• **Task item**
Without any pictures, print the lines below from the one that has "- YOU WILL GET: 4" through the one that has "Una soluzione che", exactly and nothing else.

• **Data supplied**
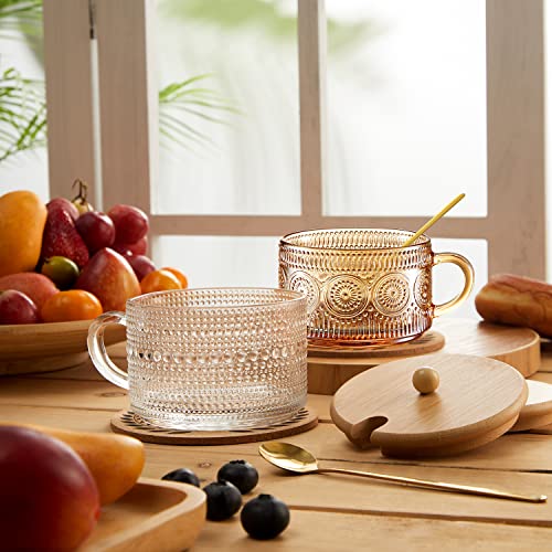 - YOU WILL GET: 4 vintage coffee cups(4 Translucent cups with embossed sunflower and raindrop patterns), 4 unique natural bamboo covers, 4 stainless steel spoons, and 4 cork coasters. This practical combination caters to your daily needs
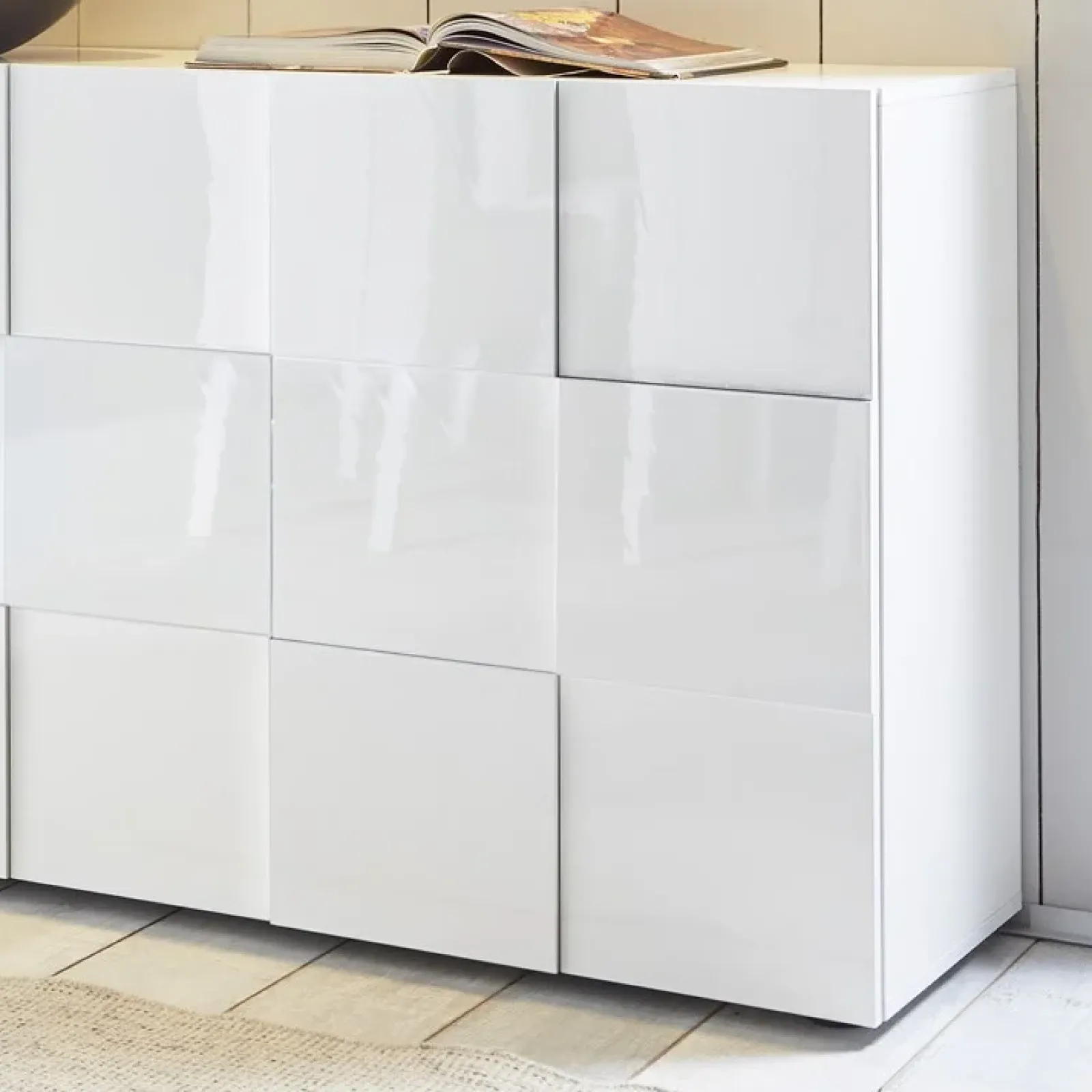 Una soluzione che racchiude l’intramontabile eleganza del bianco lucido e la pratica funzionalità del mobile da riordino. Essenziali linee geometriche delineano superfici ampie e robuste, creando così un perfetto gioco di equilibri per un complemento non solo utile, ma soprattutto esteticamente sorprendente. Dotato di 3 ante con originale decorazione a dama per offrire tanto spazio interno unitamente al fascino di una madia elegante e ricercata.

==

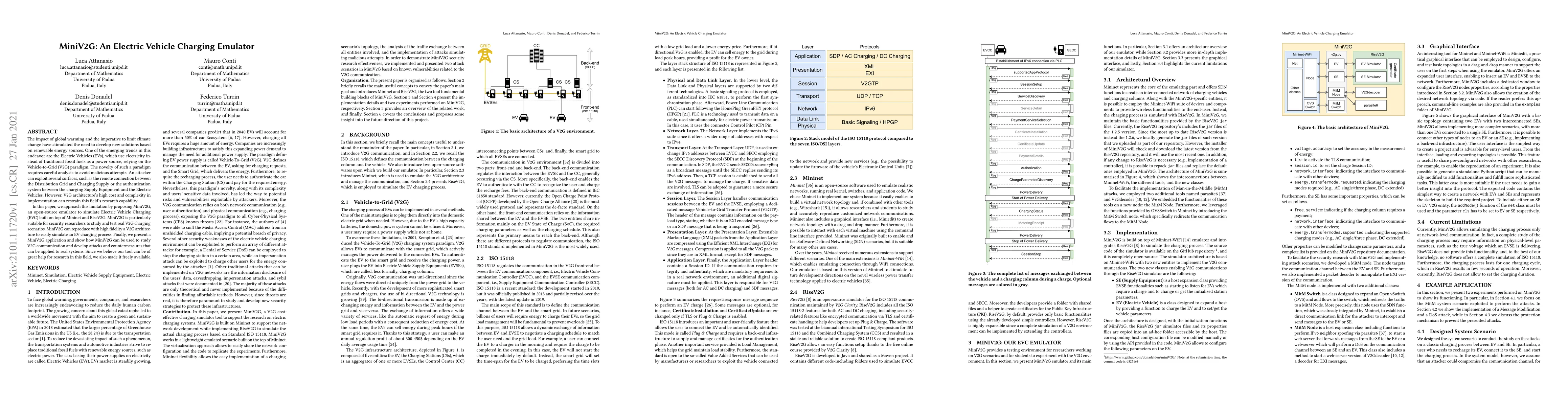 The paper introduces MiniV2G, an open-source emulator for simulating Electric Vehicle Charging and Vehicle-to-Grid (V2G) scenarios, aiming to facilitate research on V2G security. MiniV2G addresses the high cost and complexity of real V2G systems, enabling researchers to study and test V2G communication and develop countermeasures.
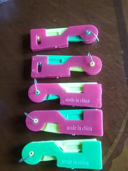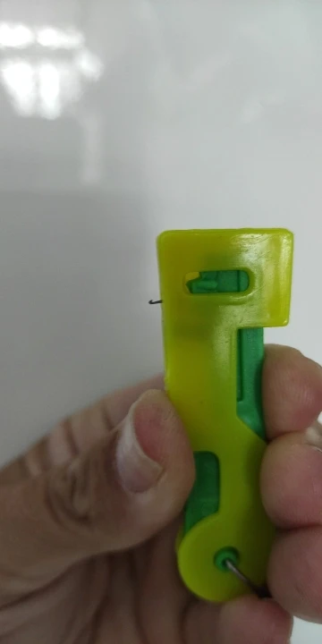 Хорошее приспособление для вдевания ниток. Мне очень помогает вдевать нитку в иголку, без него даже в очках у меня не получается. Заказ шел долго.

• **Task result**
 - YOU WILL GET: 4 vintage coffee cups(4 Translucent cups with embossed sunflower and raindrop patterns), 4 unique natural bamboo covers, 4 stainless steel spoons, and 4 cork coasters. This practical combination caters to your daily needs
 Una soluzione che racchiude l’intramontabile eleganza del bianco lucido e la pratica funzionalità del mobile da riordino. Essenziali linee geometriche delineano superfici ampie e robuste, creando così un perfetto gioco di equilibri per un complemento non solo utile, ma soprattutto esteticamente sorprendente. Dotato di 3 ante con originale decorazione a dama per offrire tanto spazio interno unitamente al fascino di una madia elegante e ricercata.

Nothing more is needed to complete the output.